As a former director of Next Digital — publisher of the pro-democracy Apple Daily newspaper in Hong Kong that was forcibly shuttered by the government last year — I have seen how former colleagues, even those now in the United States, are living in fear. People are afraid to attend an upcoming award ceremony honoring the paper’s journalists. Prospective employees of the Committee for Freedom in Hong Kong worry that association with our group will expose them or their relatives to punishment by the Chinese Communist Party.
I have seen a similar pattern of fear in my trips to Britain. Hong Kongers in Scotland told me during a recent visit of harassment and bullying on university campuses, including attempts to force them to disavow their support for Hong Kong’s democracy movement. Pro-democracy protesters in London, ironically at a “stop Asian hate” rally, were beaten by thugs they believe were sent by the Communist Party.

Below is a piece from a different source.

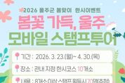 리치데일리 김상현 기자 | 울산 울주군이 봄을 맞아 오는 23일부터 다음달 30일까지 한시 관광이벤트를 진행한다고 20일 밝혔다. 이번 한시 이벤트는 다양한 연계 이벤트로 울주군 방문 관광객의 참여도와 만족도를 높이고, 체류시간과 지역소비를 확대하기 위해 마련됐다. 올해 새롭게 리뉴얼된 K스탬프투어 모바일 앱을 이용한 ‘봄꽃 가득, 울주’ 이벤트와 ‘울주와봄’ SNS 여행후기 인증 이벤트 등으로 구성됐다. ‘봄꽃 가득, 울주’ 이벤트는 울주군 내 지정 봄꽃 명소 10개소 중 8개소 이상을 방문해 스탬프를 획득한 뒤 선물을 신청하면 된다. 주요 코스는 울주군 벚꽃 명소인 △작천정 벚꽃길 △서생포왜성 △두서면 차리마을 벚꽃길 △회야강변 벚꽃길 등이다. 울주군은 이벤트 참여자 중 추첨을 거쳐 총 70명을 선정해 울주특산품을 제공한다. ‘울주와봄’ SNS 여행후기 인증 이벤트는 ‘봄꽃 가득, 울주’ 이벤트 코스 중 1개소의 사진과 울주군 숙박시설, 식당, 카페 중 1개소 영수증을 첨부해 개인 SNS(인스타그램)에 게시하면 된다. 여행후기 작성자 중 70명을 추첨해 울주

In the United States, pro-Communist Chinese forces are squelching debate. Universities are put under pressure not to invite the Dalai Lama or discuss genocide against the Uyghurs or the fight for freedom in Hong Kong. At George Washington University, the president initially agreed to take down dissident posters after a pro-mainland group claimed that they were racist, simply because they depicted the Chinese government’s actions negatively. Though the decision was later reversed, it shows the naivete of Americans in facing this threat to freedom. More recently, Chinese students at Cornell University intimidated a Uyghur student at the university, prompting a bland statement from the university warning about how “harmful it is when conversation devolves into derogatory anti-Asian expression.”
The day after the Justice Department announced the complaints, a journalist friend of mine who narrowly escaped Hong Kong and now lives in a seaside community in Florida woke up to find a small, vaguely Chinese flowerpot on his front doorstep. My friend won’t appear at anything publicly associated with Hong Kong’s pro-democracy movement. He’s too afraid of what might happen to relatives back home. The pot spooked him, though “there’s no note, no warning,” he wrote me. “I’m afraid to touch it.”
My Chinese friends are in America because they value our liberty and freedom. They shouldn’t have to live in fear when they find flowerpots on their front steps. What is at stake here is our nation’s ability to assure free speech and speech that is free from fear. China wants to keep all of us from hearing the truth about its policies in Xinjiang, Tibet and Hong Kong. Today, the target is Chinese people living in America. Tomorrow, it will be all of us.